BEGIN

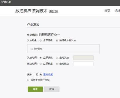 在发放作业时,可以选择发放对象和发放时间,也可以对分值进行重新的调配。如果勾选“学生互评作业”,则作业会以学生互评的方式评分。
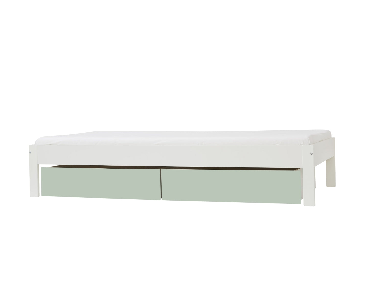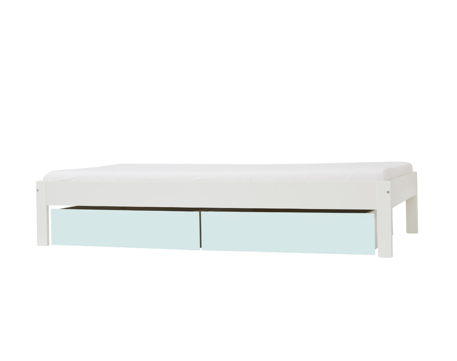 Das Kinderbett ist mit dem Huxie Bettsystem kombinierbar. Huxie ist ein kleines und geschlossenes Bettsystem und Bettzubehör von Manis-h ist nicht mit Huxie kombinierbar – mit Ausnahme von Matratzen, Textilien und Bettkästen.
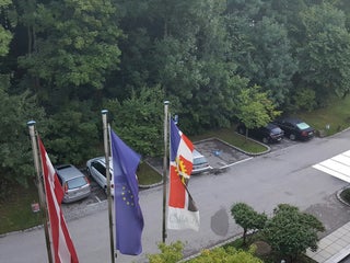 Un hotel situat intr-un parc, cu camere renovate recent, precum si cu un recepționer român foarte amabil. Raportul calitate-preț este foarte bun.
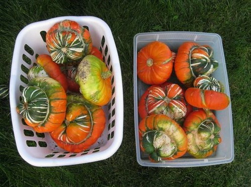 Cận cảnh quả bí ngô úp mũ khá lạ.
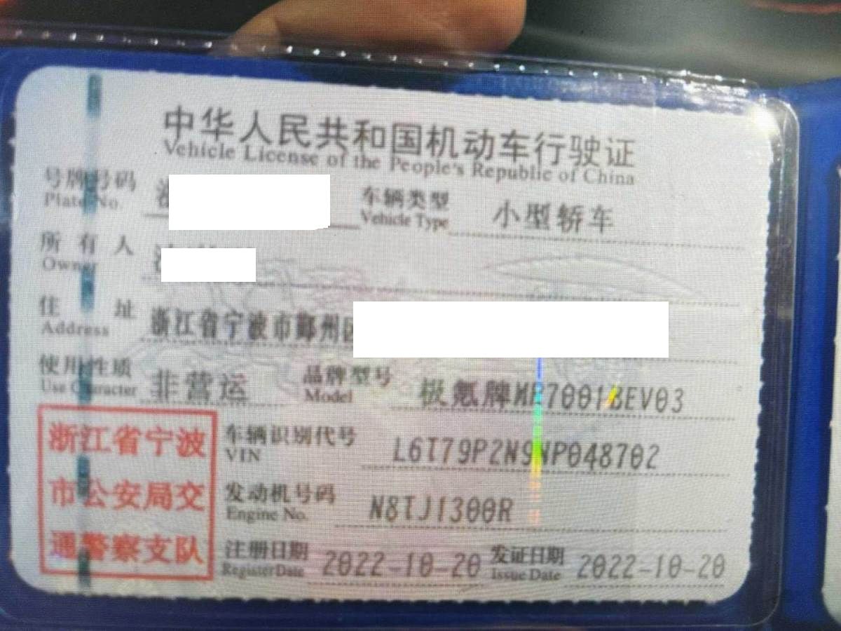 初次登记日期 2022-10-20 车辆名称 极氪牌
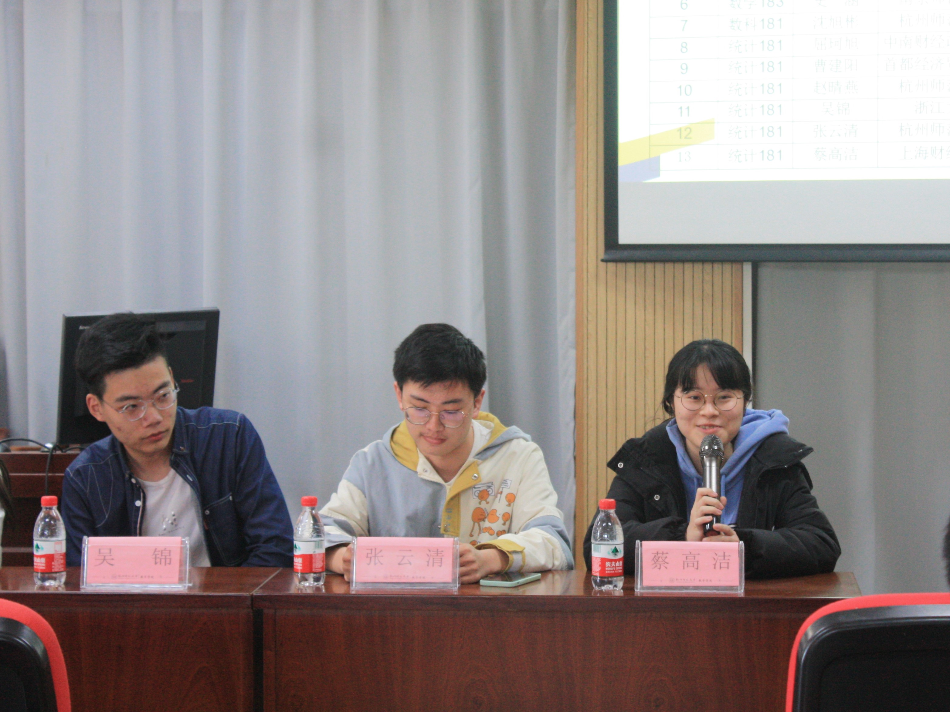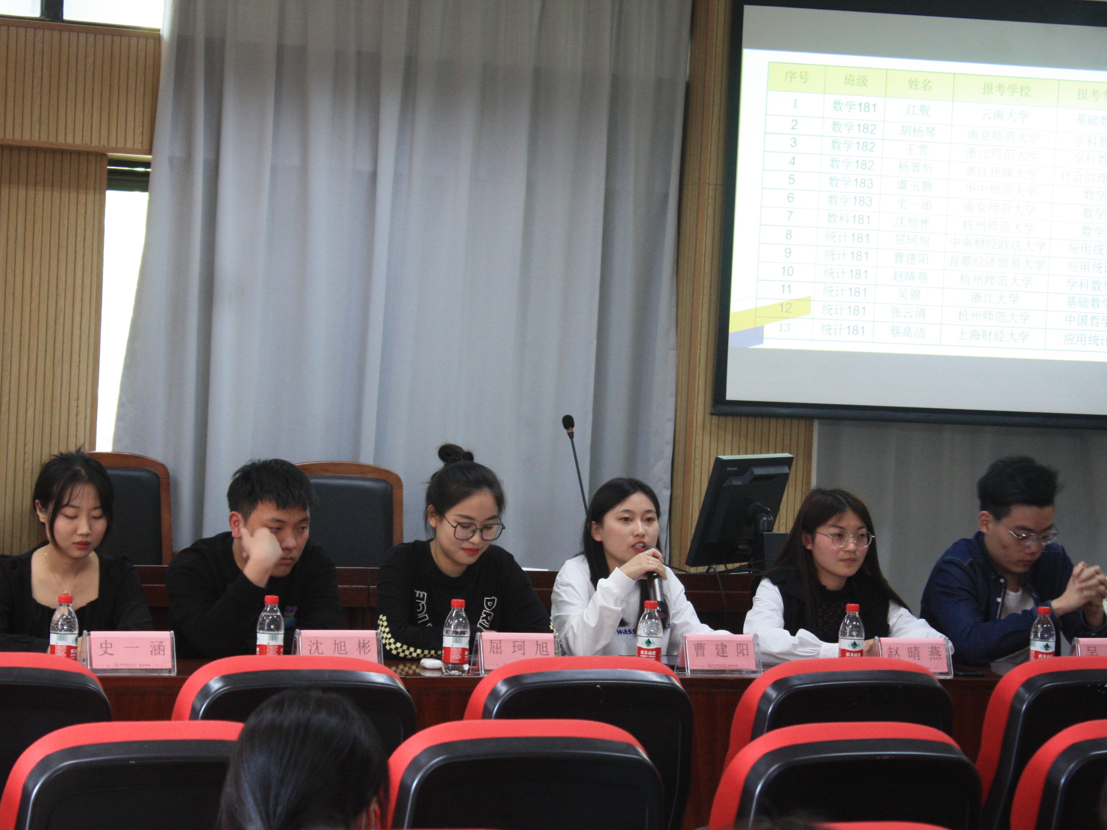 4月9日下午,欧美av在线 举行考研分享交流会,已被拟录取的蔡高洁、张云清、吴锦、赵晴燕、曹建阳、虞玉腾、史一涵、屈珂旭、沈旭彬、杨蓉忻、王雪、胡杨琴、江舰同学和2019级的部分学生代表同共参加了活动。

END
BEGIN

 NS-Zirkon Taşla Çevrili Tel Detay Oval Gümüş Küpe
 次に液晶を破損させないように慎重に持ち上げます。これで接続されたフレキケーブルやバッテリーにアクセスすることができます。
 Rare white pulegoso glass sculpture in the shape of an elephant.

END
BEGIN

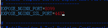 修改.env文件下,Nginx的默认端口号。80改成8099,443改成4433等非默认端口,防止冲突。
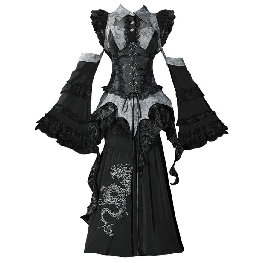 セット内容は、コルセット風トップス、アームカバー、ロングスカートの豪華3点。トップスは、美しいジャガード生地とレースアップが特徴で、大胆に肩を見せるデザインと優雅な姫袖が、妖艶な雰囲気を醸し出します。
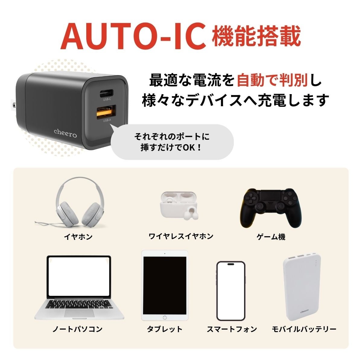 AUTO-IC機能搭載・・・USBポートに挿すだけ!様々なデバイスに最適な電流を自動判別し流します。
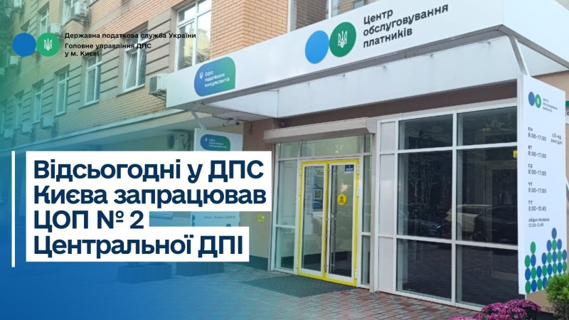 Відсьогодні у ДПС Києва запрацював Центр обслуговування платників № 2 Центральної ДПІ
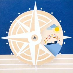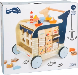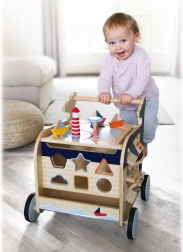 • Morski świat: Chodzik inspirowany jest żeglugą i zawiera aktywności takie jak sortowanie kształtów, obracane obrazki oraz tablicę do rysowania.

END

Give back exactly, and solely, the section of the data above bounded by the line containing "在发放作业时,可以选择发放对" and the line containing "4月9日下午,欧美av在线 举行考研分享", both bounding lines included and pictures omitted.

§ YOUR SOLUTION
 在发放作业时,可以选择发放对象和发放时间,也可以对分值进行重新的调配。如果勾选“学生互评作业”,则作业会以学生互评的方式评分。
 Das Kinderbett ist mit dem Huxie Bettsystem kombinierbar. Huxie ist ein kleines und geschlossenes Bettsystem und Bettzubehör von Manis-h ist nicht mit Huxie kombinierbar – mit Ausnahme von Matratzen, Textilien und Bettkästen.
 Un hotel situat intr-un parc, cu camere renovate recent, precum si cu un recepționer român foarte amabil. Raportul calitate-preț este foarte bun.
 Cận cảnh quả bí ngô úp mũ khá lạ.
 初次登记日期 2022-10-20 车辆名称 极氪牌
 4月9日下午,欧美av在线 举行考研分享交流会,已被拟录取的蔡高洁、张云清、吴锦、赵晴燕、曹建阳、虞玉腾、史一涵、屈珂旭、沈旭彬、杨蓉忻、王雪、胡杨琴、江舰同学和2019级的部分学生代表同共参加了活动。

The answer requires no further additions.